IIUC, you are saying to disable all MSIs at PCIe designware core level,
then call dw_handle_msi_irq() and then enable MSIs after hardirq
returns. But, the problem is if PCIe EP raises another MSI after the
call to EP's handler but before re-enabling MSIs, then it will be
ignored as IRQs are not yet enabled.
Ideally, EP's support Per Vector Masking(PVM) which allow RC to prevent
EP from sending MSI messages for sometime. But, unfortunately, the cards
mentioned here don't support this feature.

> 
> 
>>                 break;
>>         case INTA:
>>         case INTB:
>> @@ -273,8 +280,6 @@ static irqreturn_t dra7xx_pcie_msi_irq_handler(int irq, void *arg)
>>                 break;
>>         }
>>  
>> -       dra7xx_pcie_writel(dra7xx, PCIECTRL_DRA7XX_CONF_IRQSTATUS_MSI, reg);
>> -
>>         return IRQ_HANDLED;
>>  }
>>
>>
>>
>>
>

Roger Quadros Nov. 20, 2017, 1:31 p.m.
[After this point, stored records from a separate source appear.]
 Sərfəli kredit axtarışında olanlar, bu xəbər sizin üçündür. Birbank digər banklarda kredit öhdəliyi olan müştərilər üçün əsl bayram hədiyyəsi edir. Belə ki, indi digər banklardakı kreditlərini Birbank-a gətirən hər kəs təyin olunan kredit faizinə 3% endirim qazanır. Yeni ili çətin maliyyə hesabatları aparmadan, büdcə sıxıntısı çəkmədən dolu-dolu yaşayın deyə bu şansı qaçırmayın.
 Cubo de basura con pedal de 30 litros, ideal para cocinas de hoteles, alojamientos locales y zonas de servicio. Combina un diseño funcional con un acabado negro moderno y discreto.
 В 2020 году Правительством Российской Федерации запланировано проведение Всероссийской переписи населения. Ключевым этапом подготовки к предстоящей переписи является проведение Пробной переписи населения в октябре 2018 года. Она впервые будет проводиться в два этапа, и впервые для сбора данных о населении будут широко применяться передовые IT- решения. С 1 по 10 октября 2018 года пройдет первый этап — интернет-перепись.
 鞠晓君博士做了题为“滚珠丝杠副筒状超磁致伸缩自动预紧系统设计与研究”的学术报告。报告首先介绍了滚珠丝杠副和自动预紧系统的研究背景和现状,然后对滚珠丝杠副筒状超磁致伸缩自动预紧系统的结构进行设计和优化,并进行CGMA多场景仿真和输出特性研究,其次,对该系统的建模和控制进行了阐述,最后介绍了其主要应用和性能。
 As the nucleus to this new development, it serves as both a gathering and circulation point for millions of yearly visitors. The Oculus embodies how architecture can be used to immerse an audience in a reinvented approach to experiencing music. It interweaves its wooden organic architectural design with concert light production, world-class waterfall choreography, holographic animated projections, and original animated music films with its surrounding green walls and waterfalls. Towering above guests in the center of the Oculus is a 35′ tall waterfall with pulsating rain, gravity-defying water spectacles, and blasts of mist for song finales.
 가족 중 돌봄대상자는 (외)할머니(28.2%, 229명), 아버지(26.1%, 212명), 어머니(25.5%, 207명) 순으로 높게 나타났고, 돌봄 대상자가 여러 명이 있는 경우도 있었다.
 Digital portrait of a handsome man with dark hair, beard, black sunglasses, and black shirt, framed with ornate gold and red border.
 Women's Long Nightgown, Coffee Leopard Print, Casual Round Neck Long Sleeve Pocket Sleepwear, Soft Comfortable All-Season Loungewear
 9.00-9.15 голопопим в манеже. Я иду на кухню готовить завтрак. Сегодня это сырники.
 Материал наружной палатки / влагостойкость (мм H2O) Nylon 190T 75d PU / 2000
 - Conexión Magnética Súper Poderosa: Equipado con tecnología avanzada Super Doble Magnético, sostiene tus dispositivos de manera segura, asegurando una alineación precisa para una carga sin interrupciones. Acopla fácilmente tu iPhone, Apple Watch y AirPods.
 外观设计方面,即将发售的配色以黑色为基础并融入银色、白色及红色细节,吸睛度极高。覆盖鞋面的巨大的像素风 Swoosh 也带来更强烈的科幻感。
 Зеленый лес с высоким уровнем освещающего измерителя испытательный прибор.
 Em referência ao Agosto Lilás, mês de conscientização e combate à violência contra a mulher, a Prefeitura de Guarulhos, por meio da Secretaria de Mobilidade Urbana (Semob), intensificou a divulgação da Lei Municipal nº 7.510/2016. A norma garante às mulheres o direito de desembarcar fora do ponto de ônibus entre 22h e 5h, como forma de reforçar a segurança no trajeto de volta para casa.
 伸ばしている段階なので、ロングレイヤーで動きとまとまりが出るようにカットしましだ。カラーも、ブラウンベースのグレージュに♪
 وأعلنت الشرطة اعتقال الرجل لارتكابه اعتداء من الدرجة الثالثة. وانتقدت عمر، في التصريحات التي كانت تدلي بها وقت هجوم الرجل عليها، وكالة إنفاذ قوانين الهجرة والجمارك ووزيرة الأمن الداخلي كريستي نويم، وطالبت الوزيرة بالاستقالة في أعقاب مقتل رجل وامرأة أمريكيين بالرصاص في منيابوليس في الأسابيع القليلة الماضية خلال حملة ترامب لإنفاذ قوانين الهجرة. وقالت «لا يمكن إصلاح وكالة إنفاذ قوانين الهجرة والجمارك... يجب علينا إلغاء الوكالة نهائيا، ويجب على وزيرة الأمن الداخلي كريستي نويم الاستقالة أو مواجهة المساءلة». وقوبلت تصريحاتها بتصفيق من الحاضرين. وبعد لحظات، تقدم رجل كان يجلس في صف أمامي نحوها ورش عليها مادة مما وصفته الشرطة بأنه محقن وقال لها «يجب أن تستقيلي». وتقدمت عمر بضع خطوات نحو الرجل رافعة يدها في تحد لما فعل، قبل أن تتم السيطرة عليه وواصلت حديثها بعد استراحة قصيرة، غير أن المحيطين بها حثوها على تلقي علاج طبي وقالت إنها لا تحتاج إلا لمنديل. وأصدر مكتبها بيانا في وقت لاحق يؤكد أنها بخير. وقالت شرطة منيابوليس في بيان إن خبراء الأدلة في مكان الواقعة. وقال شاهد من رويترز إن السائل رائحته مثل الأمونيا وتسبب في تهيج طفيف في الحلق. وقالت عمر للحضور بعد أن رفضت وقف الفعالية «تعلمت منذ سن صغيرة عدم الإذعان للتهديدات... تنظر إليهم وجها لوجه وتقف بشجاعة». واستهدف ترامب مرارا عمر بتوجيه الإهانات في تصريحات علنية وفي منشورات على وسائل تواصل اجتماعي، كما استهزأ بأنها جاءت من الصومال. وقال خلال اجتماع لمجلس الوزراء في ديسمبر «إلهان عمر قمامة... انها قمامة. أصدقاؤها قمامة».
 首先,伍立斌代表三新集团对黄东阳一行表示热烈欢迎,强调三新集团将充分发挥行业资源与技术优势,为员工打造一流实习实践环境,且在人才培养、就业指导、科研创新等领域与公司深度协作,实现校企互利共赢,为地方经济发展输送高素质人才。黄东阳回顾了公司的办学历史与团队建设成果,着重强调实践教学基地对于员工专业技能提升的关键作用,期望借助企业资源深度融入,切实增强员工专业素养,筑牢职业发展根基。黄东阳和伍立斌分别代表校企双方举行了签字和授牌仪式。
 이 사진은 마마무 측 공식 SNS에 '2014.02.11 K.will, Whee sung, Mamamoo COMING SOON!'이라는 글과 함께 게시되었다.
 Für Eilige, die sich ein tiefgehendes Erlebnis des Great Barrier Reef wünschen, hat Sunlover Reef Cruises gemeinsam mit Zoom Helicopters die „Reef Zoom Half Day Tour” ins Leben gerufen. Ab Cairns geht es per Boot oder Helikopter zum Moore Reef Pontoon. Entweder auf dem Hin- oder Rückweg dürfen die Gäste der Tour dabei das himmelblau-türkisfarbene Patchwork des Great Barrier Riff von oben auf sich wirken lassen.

UTC | #3

On 20/11/17 15:19, Vignesh R wrote:
> 
> 
> On Monday 20 November 2017 01:31 PM, Roger Quadros wrote:
> [...]
>>>
>>> So, could you try reverting commit 8c934095fa2f3 and 
>>> also apply below patch and let me know if that fixes the issue?
>>>
>>> -----------
>>>
>>> diff --git a/drivers/pci/dwc/pci-dra7xx.c b/drivers/pci/dwc/pci-dra7xx.c
>>> index e77a4ceed74c..8280abc56f30 100644
>>> --- a/drivers/pci/dwc/pci-dra7xx.c
>>> +++ b/drivers/pci/dwc/pci-dra7xx.c
>>> @@ -259,10 +259,17 @@ static irqreturn_t dra7xx_pcie_msi_irq_handler(int irq, void *arg)
>>>         u32 reg;
>>>  
>>>         reg = dra7xx_pcie_readl(dra7xx, PCIECTRL_DRA7XX_CONF_IRQSTATUS_MSI);
>>> +       dra7xx_pcie_writel(dra7xx, PCIECTRL_DRA7XX_CONF_IRQSTATUS_MSI, reg);
>>>  
>>>         switch (reg) {
>>>         case MSI:
>>> -               dw_handle_msi_irq(pp);
>>> +               /*
>>> +                * Need to make sure no MSI IRQs are pending before
>>> +                * exiting handler, else the wrapper will not catch new
>>> +                * IRQs. So loop around till dw_handle_msi_irq() returns
>>> +                * IRQ_NONE
>>> +                */
>>> +               while (dw_handle_msi_irq(pp) != IRQ_NONE);
>>
>> To avoid this kind of looping, shouldn't we be disabling all IRQ events while
>> the interrupt handler is running and enable them just before we return from the hardirq
>> handler?
> 
> IIUC, you are saying to disable all MSIs at PCIe designware core level,
> then call dw_handle_msi_irq() and then enable MSIs after hardirq
> returns. But, the problem is if PCIe EP raises another MSI after the
> call to EP's handler but before re-enabling MSIs, then it will be
> ignored as IRQs are not yet enabled.
> Ideally, EP's support Per Vector Masking(PVM) which allow RC to prevent
> EP from sending MSI messages for sometime. But, unfortunately, the cards
> mentioned here don't support this feature.

I'm not aware of MSIs.

But for any typical hardware, there should be an interrupt event enable register and an
interrupt mask register.

In the IRQ handler, we mask the interrupt but still keep the interrupt events enabled so that
they can be latched during the time the interrupt was masked.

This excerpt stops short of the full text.